Rep. Jack Ladyman, R-Jonesboro, asked Harlan why he presented an overview but not a full report on the hospital data less than 24 hours before the subcommittee was set to vote on Drew Memorial Health System’s request.
Officials from the state Department of Human Services said the data from the Drew Memorial Health System would be available to lawmakers before Tuesday’s meeting.
Baptist Health Systems will acquire Drew Memorial Health System on July 1, which makes the small hospital’s funding request urgent, said Janet Mann, the state Medicaid director within the Arkansas Department of Human Services, and Mark White, the department’s chief of staff.
The merger puts Drew Memorial “on a different timetable” than other hospitals in need of financial aid, so DHS is “bringing them forward early” to explain the hospital’s financial situation to the PEER subcommittee on Tuesday, White said.
“They are in a very significant financial condition, but there’s two sides to it,” he said. “It’s both their condition and where they are on the road to a structural reform to address it, and they are much further down that process than anyone else is right now.”
If Drew Memorial Health System receives its funding request, it will be the third rural hospital in Arkansas to receive ARPA funds, after Ouachita County Medical Center in September 2022 and Sevier County Medical Center in December.
Ouachita County Medical Center was one of the 18 hospitals Alvarez and Marsal evaluated; Sevier County Medical Center was not.
The firm sought to evaluate rural hospitals that do not belong to larger health care systems. Twenty-six hospitals met this requirement, but eight declined to be reviewed, Harlan said.
Ten of the 18 reviewed facilities were critical access hospitals, which are located no less than 35 miles from other hospitals and maintaining no more than 25 beds. Drew Memorial and the remaining seven reviewed facilities are not critical access hospitals.
In addition to the availability of data about Drew Memorial Health System’s financial and operational situation, legislators expressed concerns about the sources of some of the data Alvarez and Marsal used to compare Arkansas hospitals to those nationwide.

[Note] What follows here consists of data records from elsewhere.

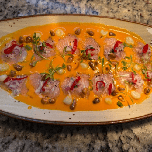 Sashimi Grouper fine cuts over yellow pepper cream emulsion, chalaquita red onions, fine herbs, charred sweet potato, and cancha.
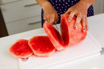 Once you learn my easy method for breaking down a whole watermelon, you’ll never go back to slicing them the old-fashioned way.
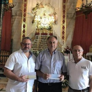 La comparsa de Moros Nuevos ha hecho entrega a la Junta de la Virgen de la recaudación obtenida en la rifa de Los 50 un Tesoro, importe que este año ha ascendido a 5.052 y se ha destinado íntegramente a la rehabilitación del trono de la Virgen.
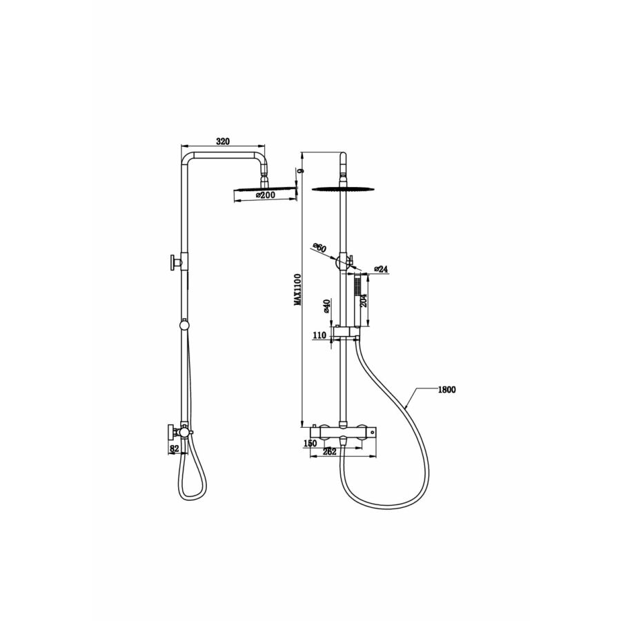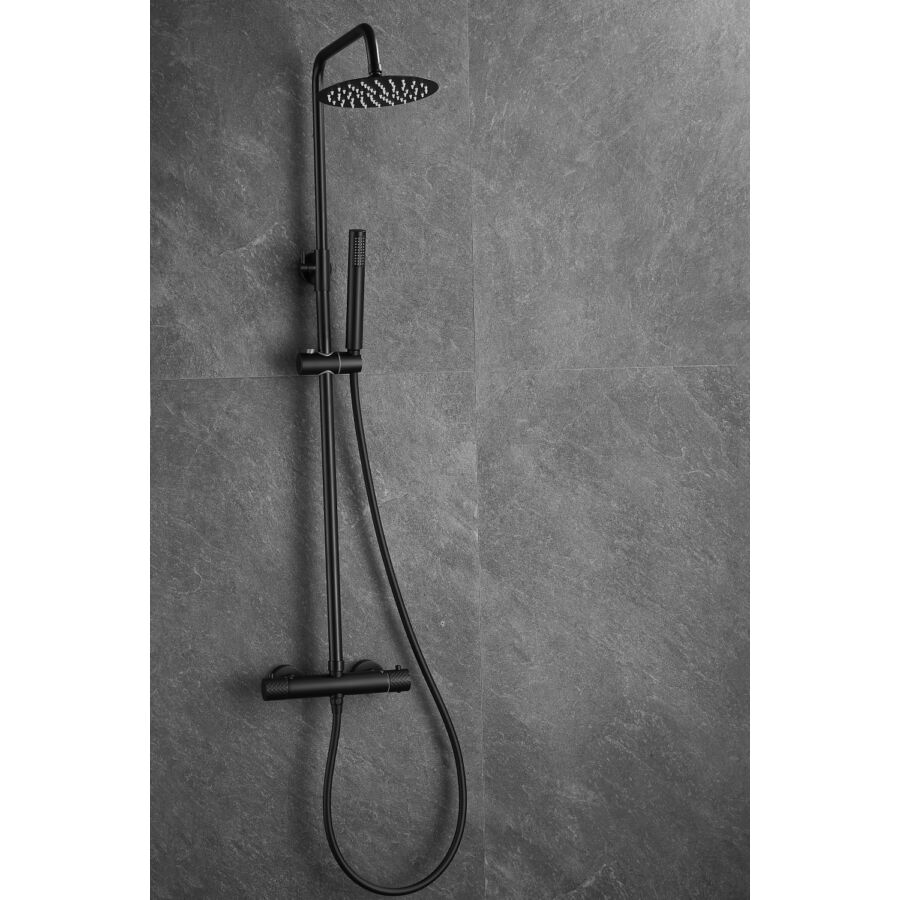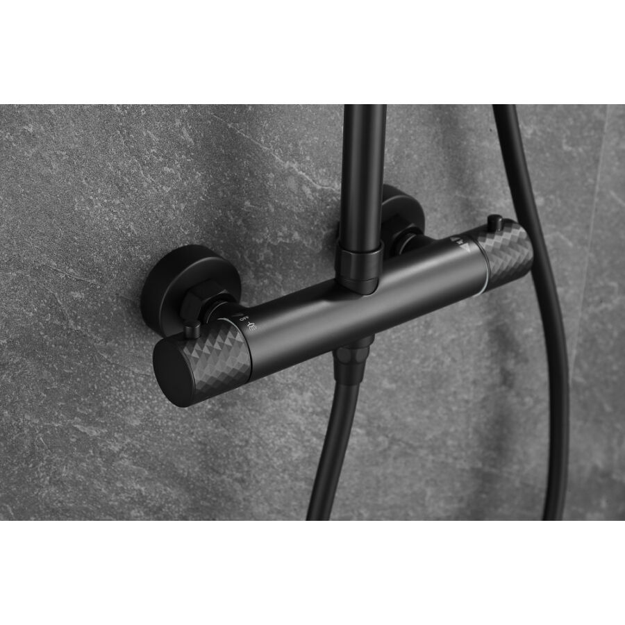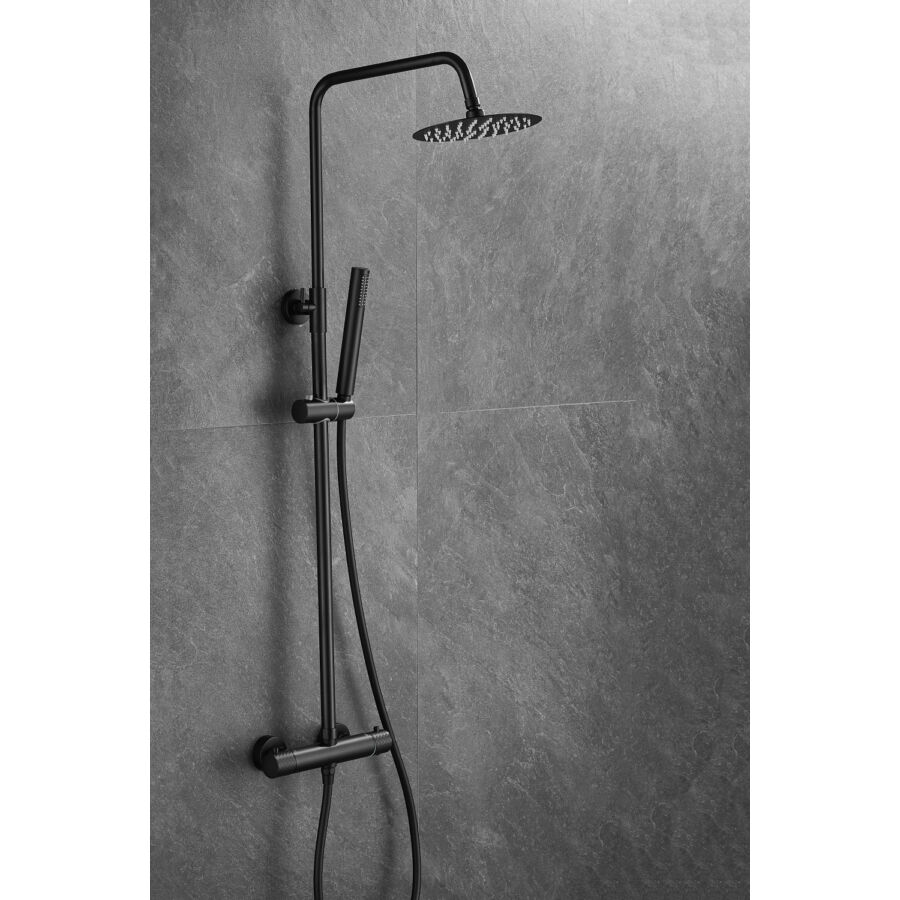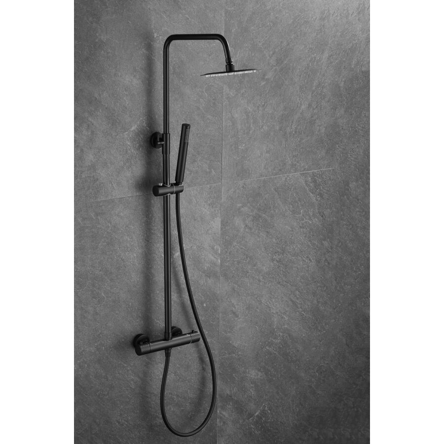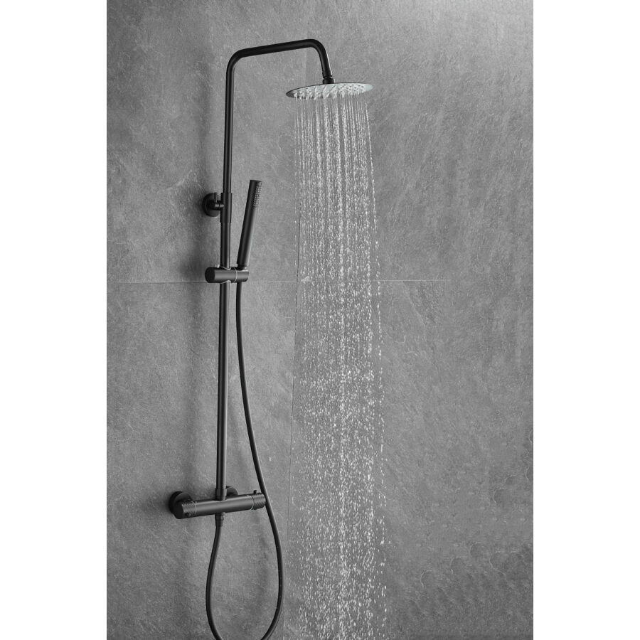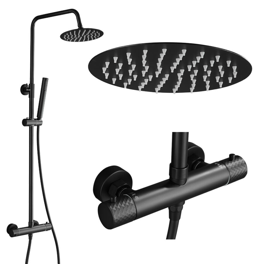 Roy Pro termosztatikus zuhanyszett fali keverőcsappal és esőztető zuhanyfejjel fekete, beépíthetőParaméterek
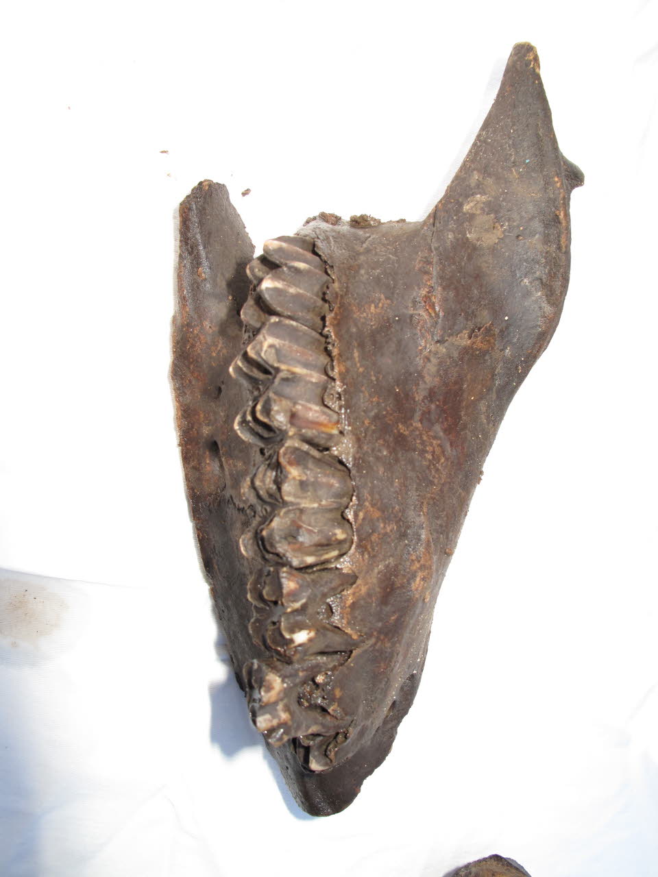 Thought to be the upper right jaw of an extinct bison. Tests are ongoing. |

For example, Arkansas hospitals have higher operating margins but fewer employees per patient than the national average, Harlan said.
In response to questions from Sen. Missy Irvin, R-Mountain View, Harlan said the Arkansas and national averages in the report came from a separate study with a sample size that might not have included the 18 Arkansas hospitals that Alvarez and Marsal studied.
Harlan said he could look into the sample size from the other report at Irvin’s request, since she said the comparisons in the firm’s report might be inaccurate.
“What I’m looking at is the operating margin, and that could be significantly altered or skewed if you have included in this list of averages… big system hospitals and not your rural hospitals,” Irvin said, mentioning the University of Arkansas for Medical Sciences as an example.